Department of Nephrology, La Pitie-Salpetriere Hospital, Assistance Publique-Hopitaux de Paris, Universite Pierre et Marie Curie-Paris IV, 75013 Paris, France.
The Journal of Infectious Diseases (Impact Factor: 6). 12/2006; 194(11):1481-91. DOI: 10.1086/508546
Source: PubMed

ABSTRACT

Tenofovir disoproxil fumarate (TDF) may induce renal proximal tubulopathy (rPT). There are no data on pharmacogenomic predictors of rPT in the genes encoding the multidrug-resistance protein (MRP) 2 and MRP4 transporters.
Mutational screening of the genes for MRP2 (ABCC2) and MRP4 (ABCC4) was performed using genomic DNA from 13 human immunodeficiency virus type 1 (HIV-1)-infected patients (group 1) presenting with TDF-induced rPT. Concomitantly, 17 unrelated HIV-1-infected patients who had received TDF therapy and who did not have rPT (group 2) were included in a case-control analysis, to assess the influence of single-nucleotide polymorphisms (SNPs) identified in ABCC2 and ABCC4.

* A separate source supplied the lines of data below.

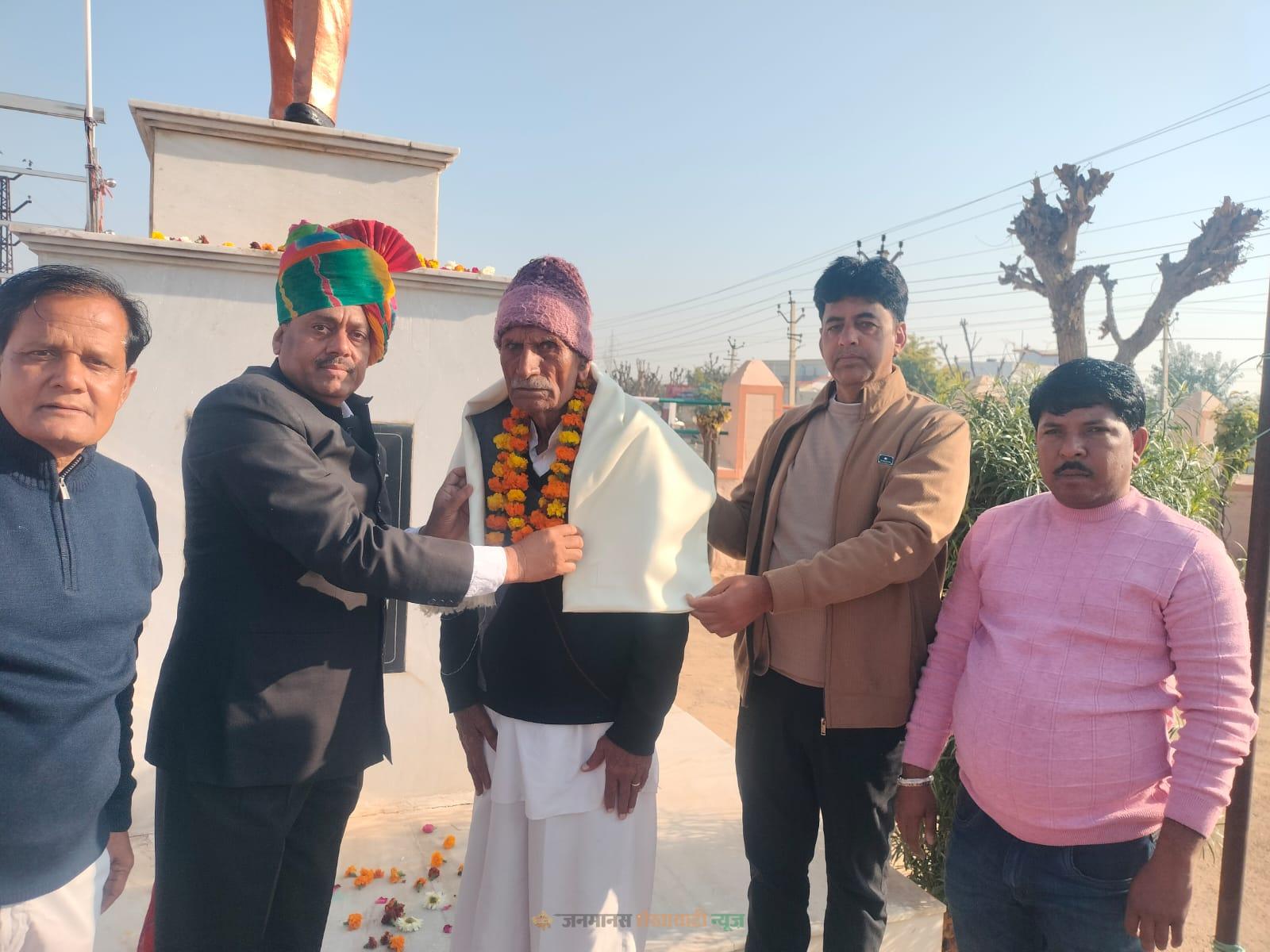 बिसाऊ : 77वें दिवस के पावन अवसर पर बिसाऊ तहसील कार्यालय में धुमधाम के साथ तहसिलदार शेर सिंह राठोड़ व कस्बे के गणमान्य नागरिकों के द्वारा ध्वजारोहण कर गणतंत्र दिवस मनाया गया। इस अवसर पर मिठाई वितरण किया गया। ध्वजारोहण के बाद बिसाऊ कस्बे के 1999 में भारत पाकिस्तान युद्ध में शहीद रामस्वरूप सिंह को श्रद्धांजलि अर्पित करने के लिए शहीद स्मारक पहुंचकर पुष्प अर्पित कर श्रद्धांजलि दी। इस अवसर पर तहसीलदार शेर सिंह राठोड़ व पुर्व मनोनीत पार्षद मकसूद खान तथा एडवोकेट उमाशंकर सेवदा, दलिप जांगिड़ पटवारी बिसाऊ, सुनिल कुमार किलानियां सिनियर असिस्टेंट, अंकित पटवारी धिरासर, राकेश मिणा पटवारी चुडैला व राजेश जिंदल सभी ने शहीद रामस्वरूप सिंह के पिता नागरमल मुंदडिया को शोल उढाकर सम्मानित किया।
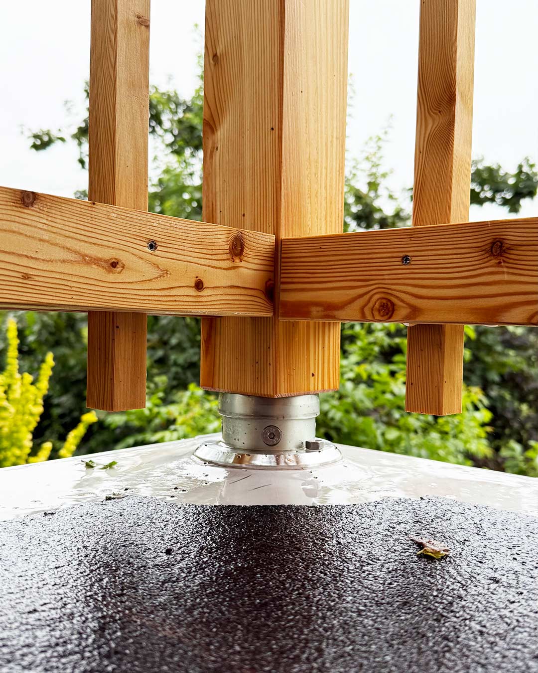 Eine besondere Herausforderung lag bei diesem Projekt in der sicheren Geländerbefestigung der Terrasse. Hier kam der Pfalu Aquastop von SIHGA zum Einsatz – eine Lösung, die nicht nur für Stabilität sorgt, sondern auch optimal vor Feuchtigkeit schützt.
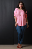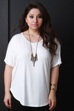 This casual plus size top features a round neckline, halter back, and short sleeves construction. Finished with a jersey knit fabrication and round hemline. Accessories sold separately. Made in U.S.A. 95% Rayon, 5% Spandex.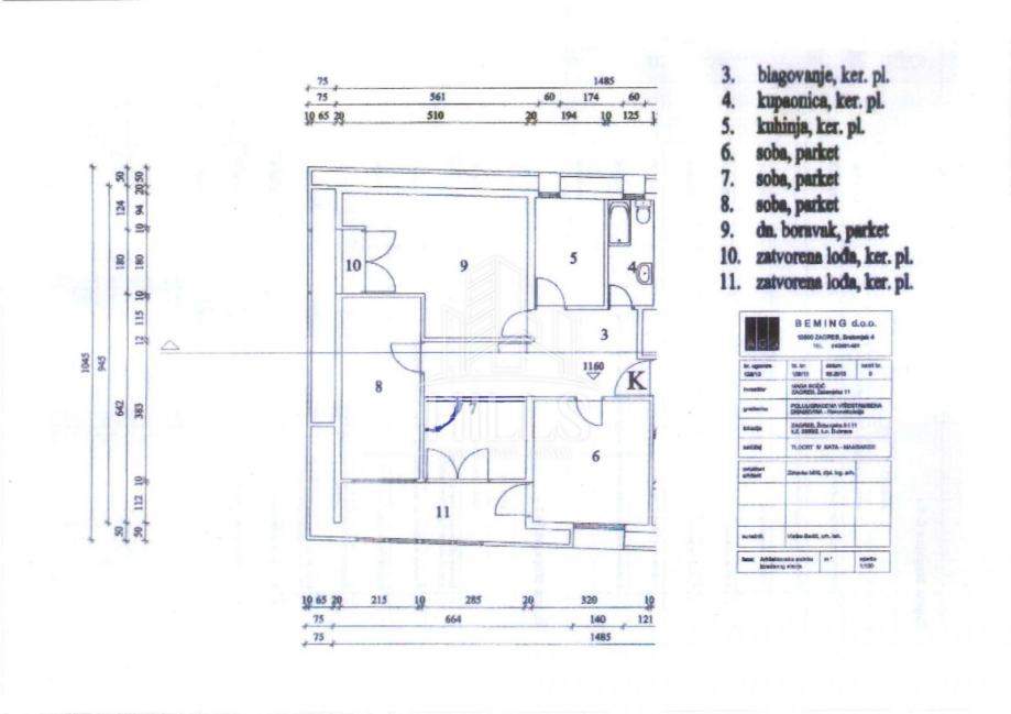 Stan se sastoji od hodnika, dnevnog boravka, kuhinje, blagovaonskog dijela, četiri spavaće sobe, kupaonice s wc-om i dvije loggie.

Six SNPs were identified in ABCC2. A significant allelic association between the 1249 G-->A SNP and TDF-induced rPT was observed (odds ratio, 6.11 [95% confidence interval, 1.19-31.15]; P<.02). ABCC2 haplotypes were significantly associated with the onset of TDF-induced rPT--CATC appeared to be a predisposing haplotype, as it was found in 40.9% of the group 1 case patients and in 13.7% of the group 2 control subjects (P<.01), whereas CGAC appeared to be a protective haplotype, as it was not observed in the group 1 case patients but was present in 20.2% of the group 2 control subjects (P<.01). No association was observed between ABCC4 polymorphism and TDF-induced rPT in the present study.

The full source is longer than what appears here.